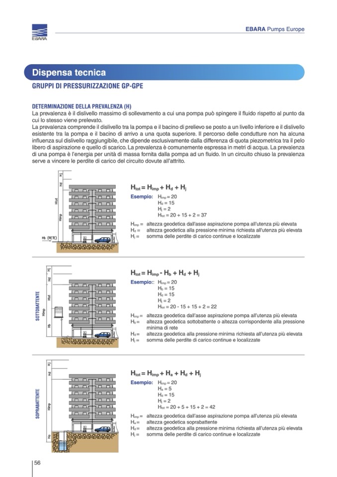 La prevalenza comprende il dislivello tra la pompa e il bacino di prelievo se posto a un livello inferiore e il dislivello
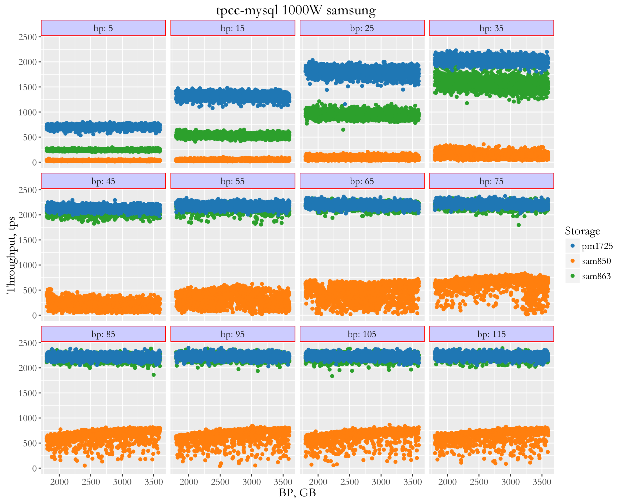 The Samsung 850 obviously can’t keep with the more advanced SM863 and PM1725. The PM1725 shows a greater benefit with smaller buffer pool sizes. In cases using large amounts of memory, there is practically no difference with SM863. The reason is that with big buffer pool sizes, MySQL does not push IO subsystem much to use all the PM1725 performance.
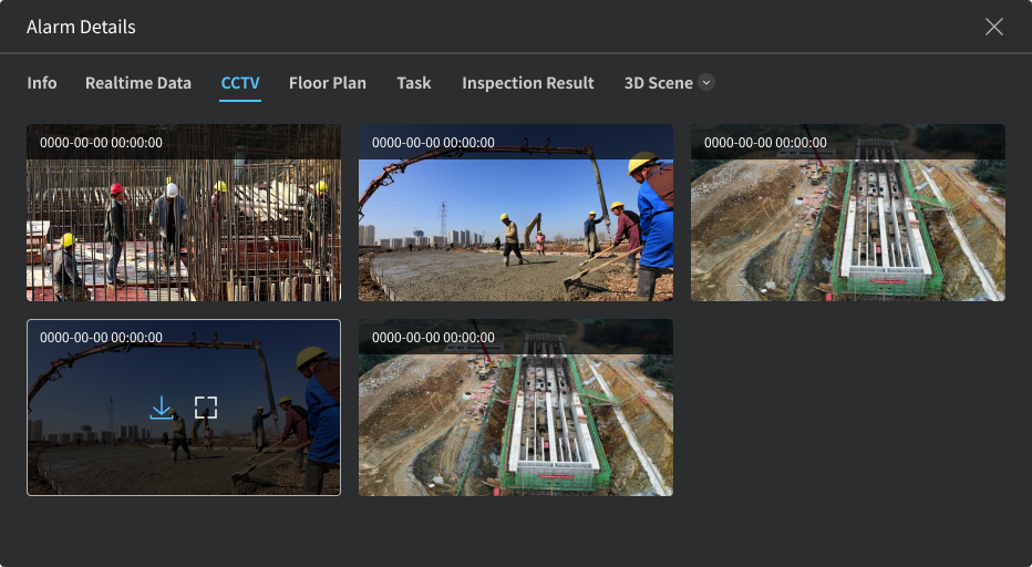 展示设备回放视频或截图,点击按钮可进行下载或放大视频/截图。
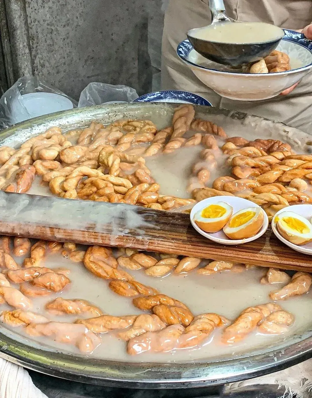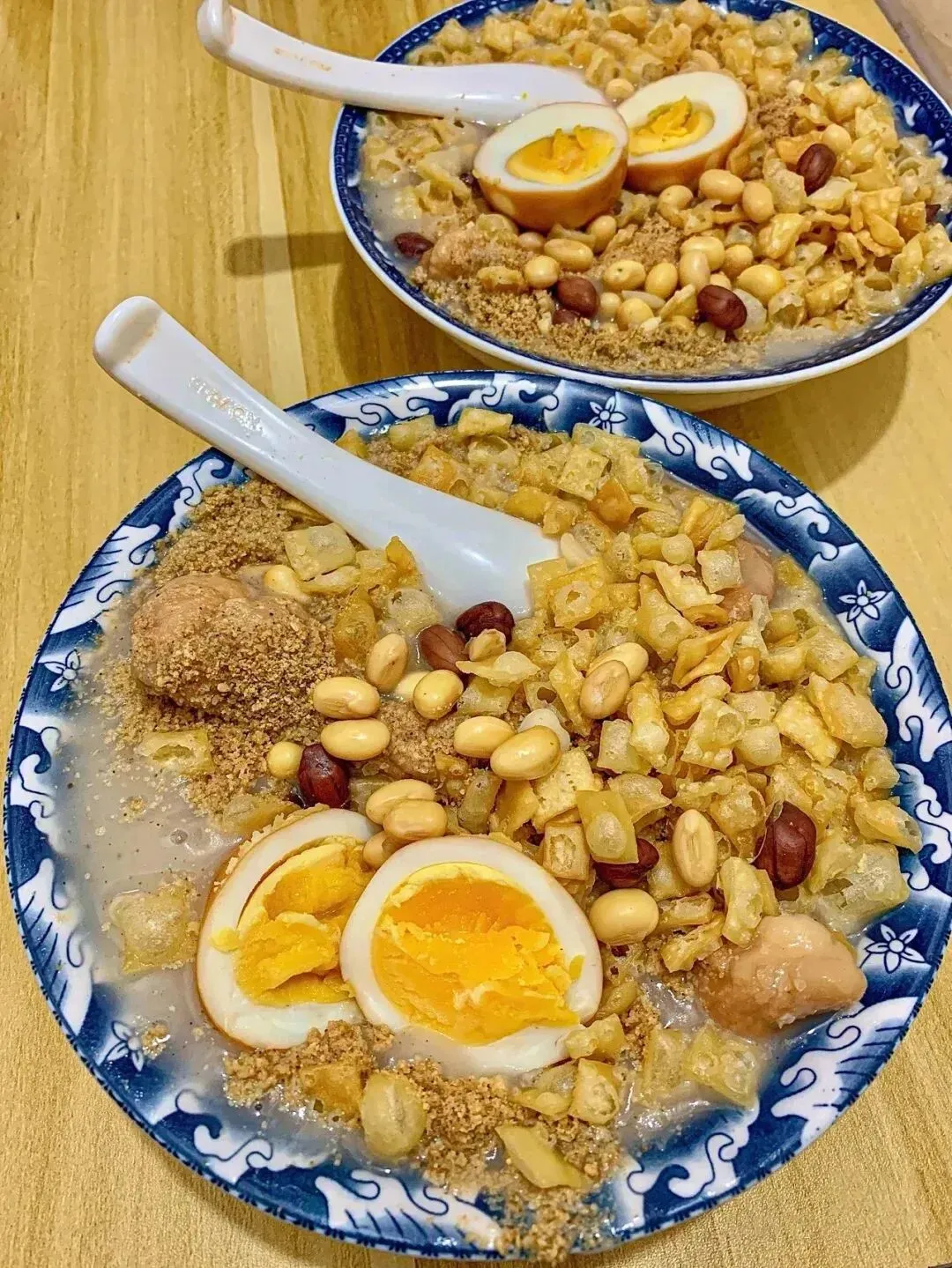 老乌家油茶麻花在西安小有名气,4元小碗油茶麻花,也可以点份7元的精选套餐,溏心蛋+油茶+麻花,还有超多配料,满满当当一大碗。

----

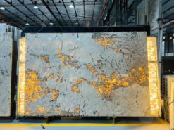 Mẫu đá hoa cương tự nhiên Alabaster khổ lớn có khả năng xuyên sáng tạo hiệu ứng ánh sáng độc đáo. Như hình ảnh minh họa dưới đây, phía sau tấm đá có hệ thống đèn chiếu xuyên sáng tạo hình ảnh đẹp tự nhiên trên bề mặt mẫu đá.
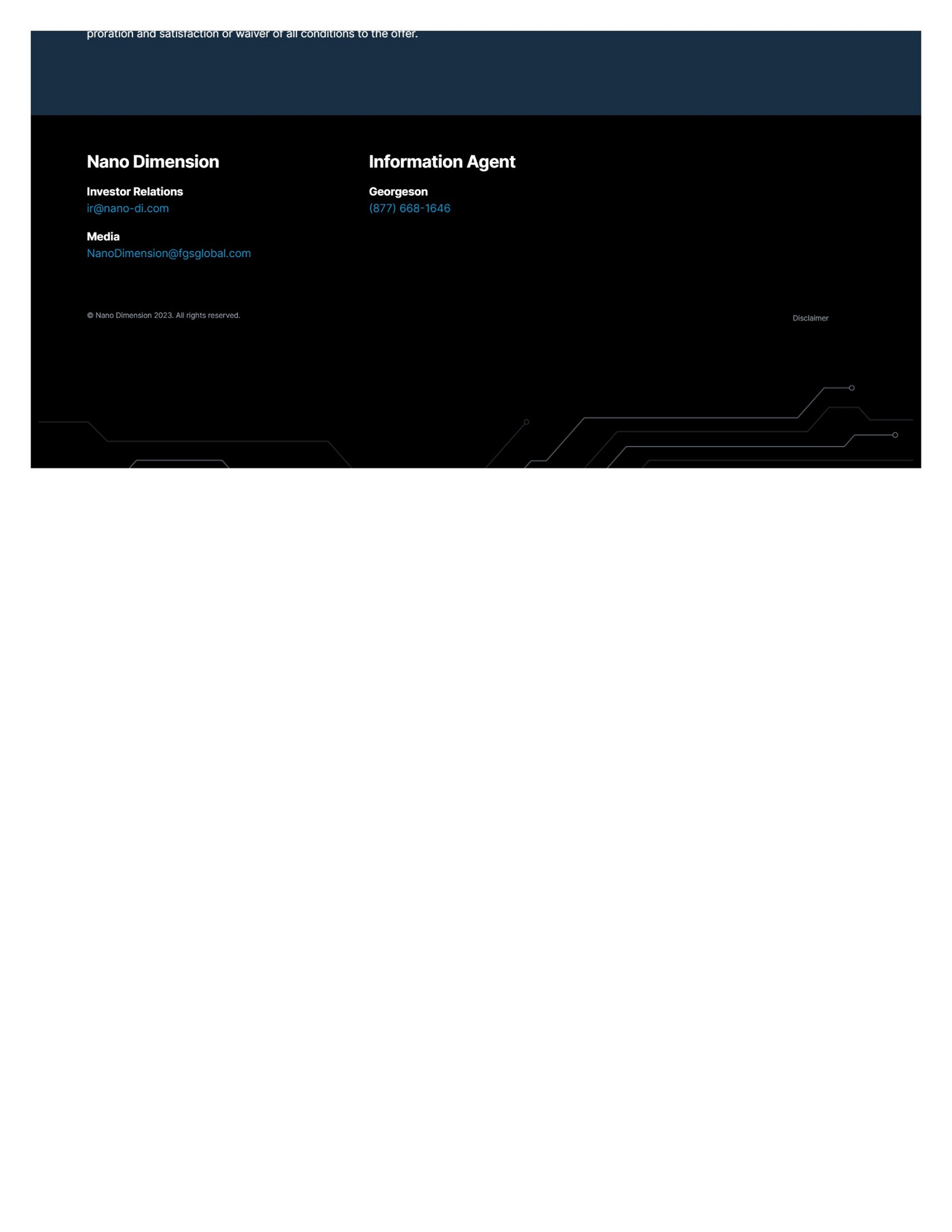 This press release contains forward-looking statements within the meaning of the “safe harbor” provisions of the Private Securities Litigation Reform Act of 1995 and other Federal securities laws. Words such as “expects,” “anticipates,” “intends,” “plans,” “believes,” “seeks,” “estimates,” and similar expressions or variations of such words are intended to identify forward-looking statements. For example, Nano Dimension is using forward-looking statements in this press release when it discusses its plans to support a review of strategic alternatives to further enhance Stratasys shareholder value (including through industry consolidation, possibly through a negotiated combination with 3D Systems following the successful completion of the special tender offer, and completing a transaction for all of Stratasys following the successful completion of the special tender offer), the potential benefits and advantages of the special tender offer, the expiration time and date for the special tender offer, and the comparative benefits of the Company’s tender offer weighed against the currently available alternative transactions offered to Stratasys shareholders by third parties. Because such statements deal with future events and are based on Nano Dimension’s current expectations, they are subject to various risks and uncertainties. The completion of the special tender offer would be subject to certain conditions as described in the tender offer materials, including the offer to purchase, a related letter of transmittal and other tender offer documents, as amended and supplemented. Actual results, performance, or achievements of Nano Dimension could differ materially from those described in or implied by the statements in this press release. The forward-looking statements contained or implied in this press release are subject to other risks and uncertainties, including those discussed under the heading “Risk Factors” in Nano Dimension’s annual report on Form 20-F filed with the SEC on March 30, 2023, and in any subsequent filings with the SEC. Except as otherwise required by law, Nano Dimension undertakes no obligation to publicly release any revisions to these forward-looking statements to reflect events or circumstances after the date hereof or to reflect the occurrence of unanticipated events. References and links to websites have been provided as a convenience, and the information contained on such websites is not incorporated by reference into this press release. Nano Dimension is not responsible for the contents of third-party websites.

----

Output only the lines above from the line that holds "The Samsung 850" through the line that holds "老乌家油茶麻花在西安小有名气", both ends included, and exclude pictures.

 The Samsung 850 obviously can’t keep with the more advanced SM863 and PM1725. The PM1725 shows a greater benefit with smaller buffer pool sizes. In cases using large amounts of memory, there is practically no difference with SM863. The reason is that with big buffer pool sizes, MySQL does not push IO subsystem much to use all the PM1725 performance.
 展示设备回放视频或截图,点击按钮可进行下载或放大视频/截图。
 老乌家油茶麻花在西安小有名气,4元小碗油茶麻花,也可以点份7元的精选套餐,溏心蛋+油茶+麻花,还有超多配料,满满当当一大碗。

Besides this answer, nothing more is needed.